Let’s suppose I have a mesh composed of a single face (triangle).

Using barycentric coordinates, how can I change the colour of a point inside the triangle?

Right now I know how to change the colour of each of the vertexes that form the triangle, but I need to be able access and change more information.

Thank you.

15 Replies

What do you mean by “point inside the triangle” ?

If there is no vertex inside this triangle (which is then not a triangle, but three triangles) you cannot change its color (Pure logic). Only vertices, faces and edges can store color information.

Hello Groucho, thanks for your reply.

By “point” I mean anything inside the triangle that can be accesed by barycentric coordinates using the three vertexes that define the triangle.

For example, I can assign one colour to each vertex. But how can I assign a different colour to the middle (the barycentric centre) of the triangle?

For example, how can I make the triangle have two different colours? Like half white half black divided by an imaginary line defined by barycentric coordinates.

For example, I want to apply a procedural texture written by me, without using the material editor. Using only the information provided by the vertexes, this doesn’t look good.

nope – you would have to refine your mesh (or, in theory, the CPV data – but I’m not sure that actually works)

As far as I know, you cannot modify the way two colors interpolate from one vertex to another along a given edge. It is always a linear interpolation so that at the middle of the edge, the color is 50% mix between vertex A and vertex B.

Or, to put it another way, the “point” doesn’t exist until render time / viewport render time. It’s an artefact of the render pipeline.

Maybe with Nurbs you can access precisely a given point on a NURBS surface, voxel like.

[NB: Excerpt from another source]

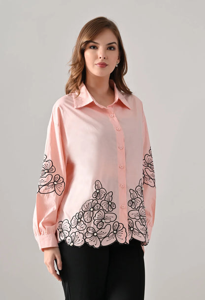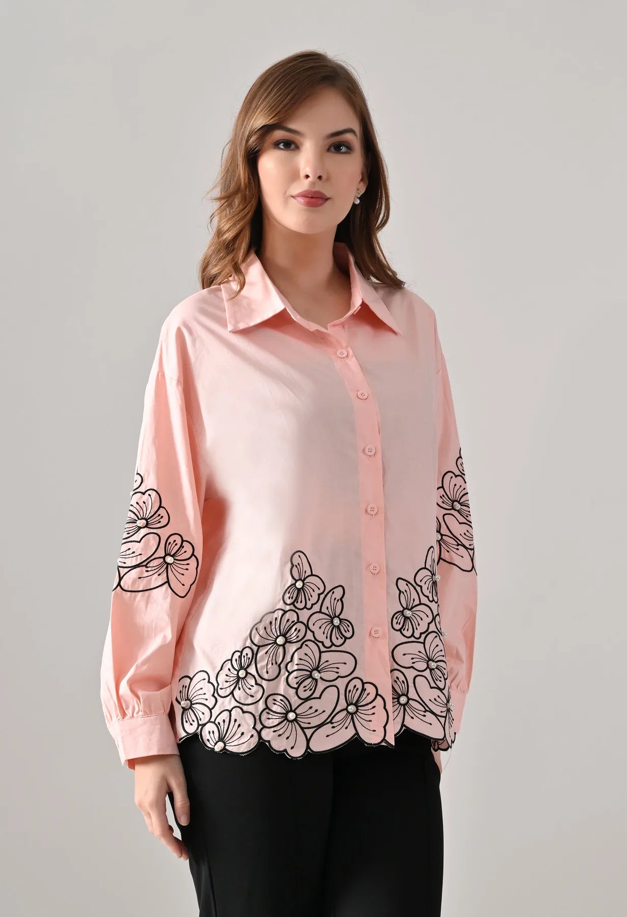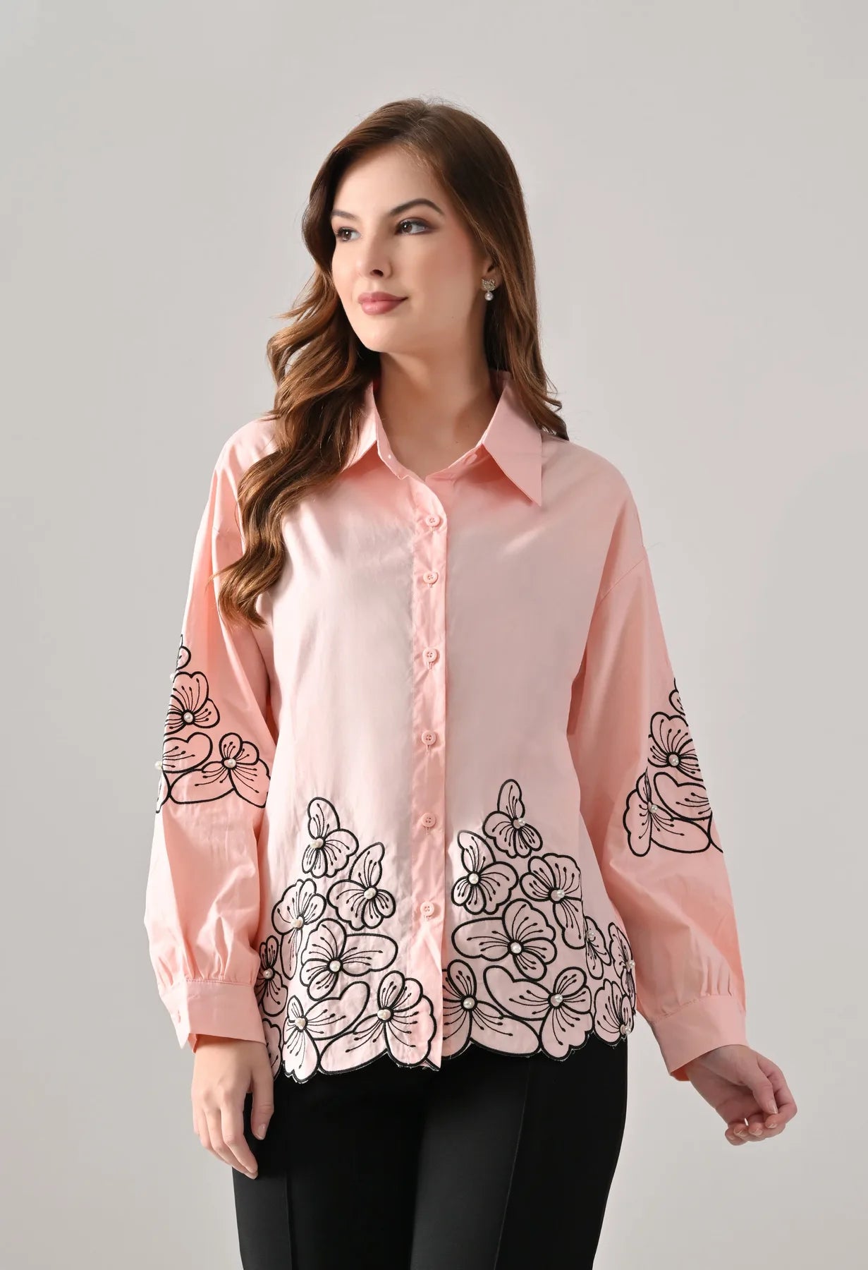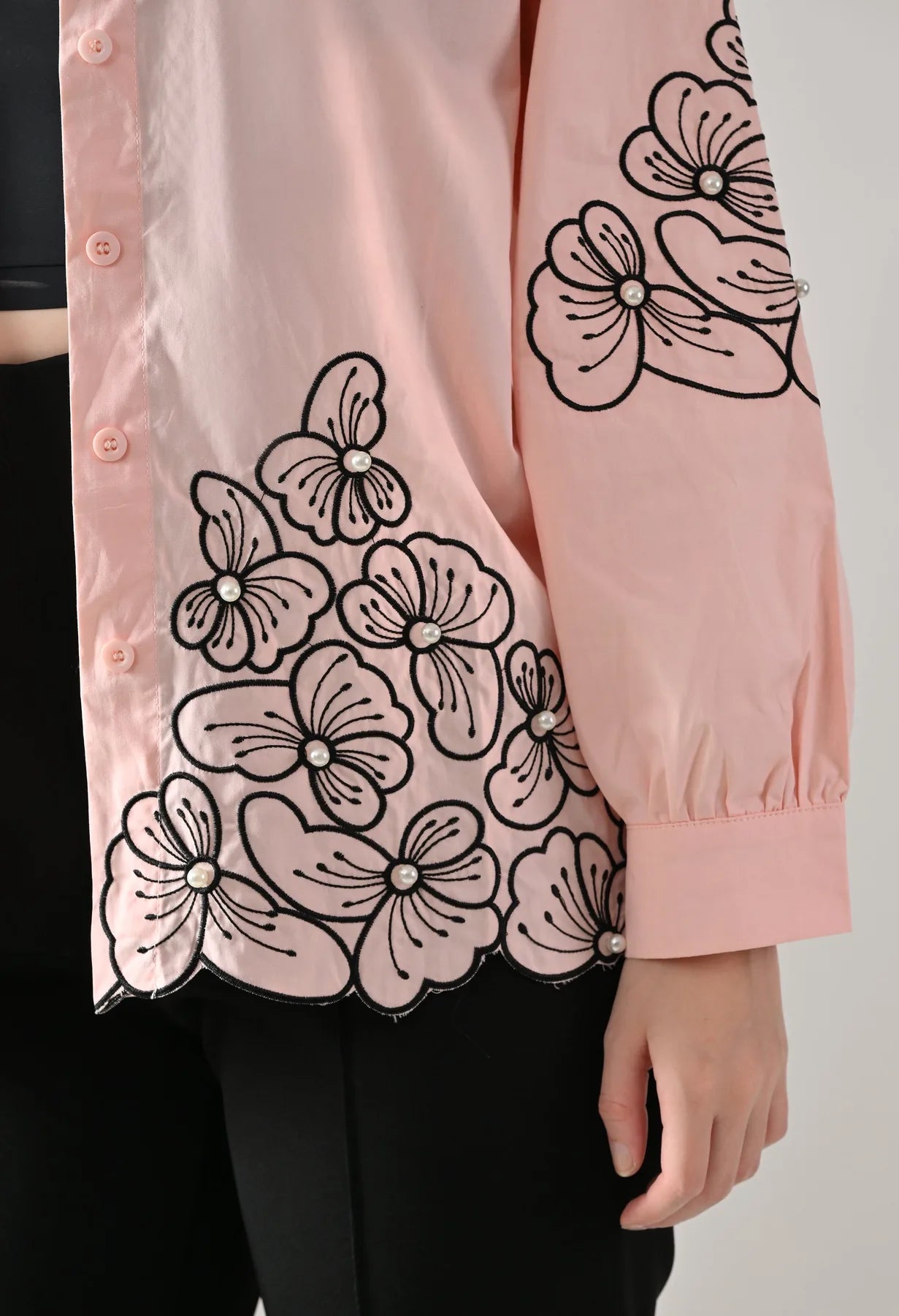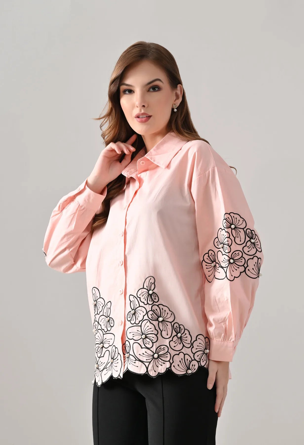 The Blush Bloom Embroidered Shirt brings feminine charm with its soft pink hue and bold floral embroidery along the hem and sleeves. Designed with a classic collar, front button closure, long sleeves with cuffs, and a relaxed silhouette, this shirt blends comfort with elegance. The scalloped edge and subtle pearl accents add a refined finish, making it perfect for day-to-night styling.

So let me get this straight…

If I have a huge mesh plane consisting of only two faces (the two triangles), I cannot WRITE a procedural texture to make it have a chess board texture, or to make it have all the colours of the rainbow, or whatever procedural texture I want. Right? I have to go to the Material Editor and work in a non-script related manner?

Thanks again

That is correct. The only way to do what you want would be to refine your mesh (e.g. via the Tesselate modifier) and then affect vertices from there. But you’re going to end up with a looooooooooot of vertices.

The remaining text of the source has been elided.